Post by TobyLobster »

Hi Steve,

I have tried some of the changes and they work great. In particular the formatting with decimal() and hexadecimal(), the columns specified by byte(), comment/formatted_comment all work well. There are a few minor issues:

* I couldn't get the columns specifier of word() to work.
* The hex dump for word()s is incomplete - looks like it might be confusing the number of words with the number of bytes?
* We have a large comment output starting with 'All labels by address and move ID' - but can we switch this output off?
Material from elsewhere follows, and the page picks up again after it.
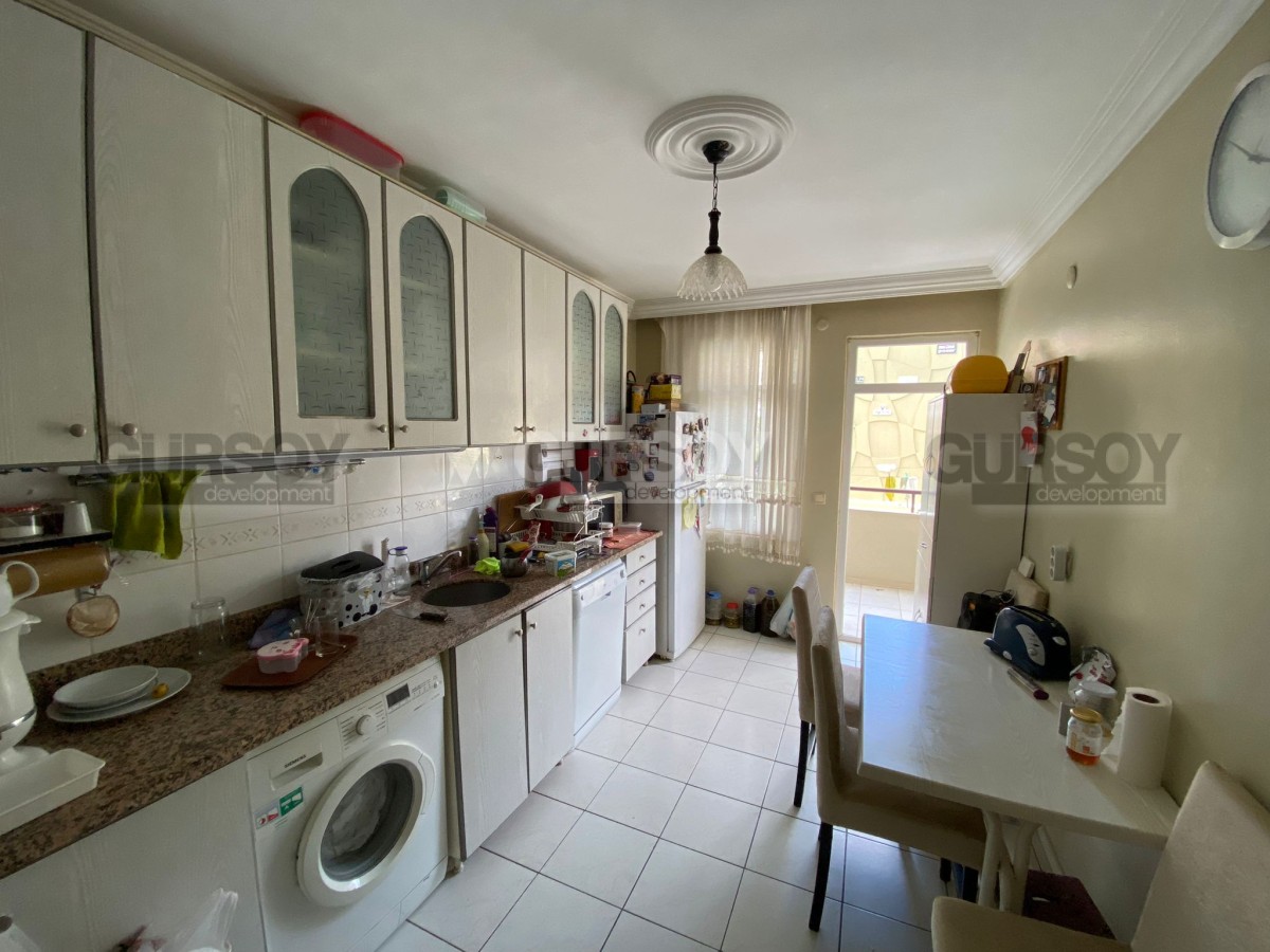 На продажу представлена четырехкомнатная квартира в комплексе городского типа, расположенного в районе Кызларпынары, всего в 500 метрах от пляжа Клеопатры.

I've only tested against my test case of the Chuckie Egg disassembly, but it has a single regular move() and the move() works fine.

Toby
User avatar
TobyLobster
Posts: 622
Joined: Sat Aug 31, 2019 7:58 am
Contact:

Re: py8dis - a programmable static tracing 6502 disassembler in Python

Post by TobyLobster »

Also the picture sprite formatting works nicely:

Code: Select all

sprite_bigbirdright2
    !byte %........, %.###....                              ; 
    !byte %........, %#####..#                              ; 
    !byte %.......#, %###.#.#.                              ; 
    !byte %.......#, %###.##..                              ; 
    !byte %.......#, %######..                              ; 
    !byte %.......#, %#####.#.                              ; 
    !byte %........, %####...#                              ; 
    !byte %........, %###.....                              ; 
    !byte %........, %.##.....                              ; 
    !byte %....###., %.###....                              ; 
    !byte %...#####, %.###....                              ; 
    !byte %..######, %#####...                              ; 
    !byte %.###...#, %#####...                              ; 
    !byte %###.###., %.####...                              ; 
    !byte %##.#####, %#.###...                              ; 
    !byte %#.######, %######..                              ; 
    !byte %########, %######..                              ; 
    !byte %########, %######..                              ; 
    !byte %.#######, %######..                              ; 
    !byte %.#######, %######..                              ; 
    !byte %..######, %#####...                              ; 
    !byte %...#####, %#####...                              ; 
    !byte %....####, %####....                              ; 
    !byte %......##, %###.....                              ; 
SteveF
Posts: 1697
Joined: Fri Aug 28, 2015 9:34 pm
Contact:

Re: py8dis - a programmable static tracing 6502 disassembler in Python

Post by SteveF »

Thanks for trying that Toby, I'm glad it's mostly working!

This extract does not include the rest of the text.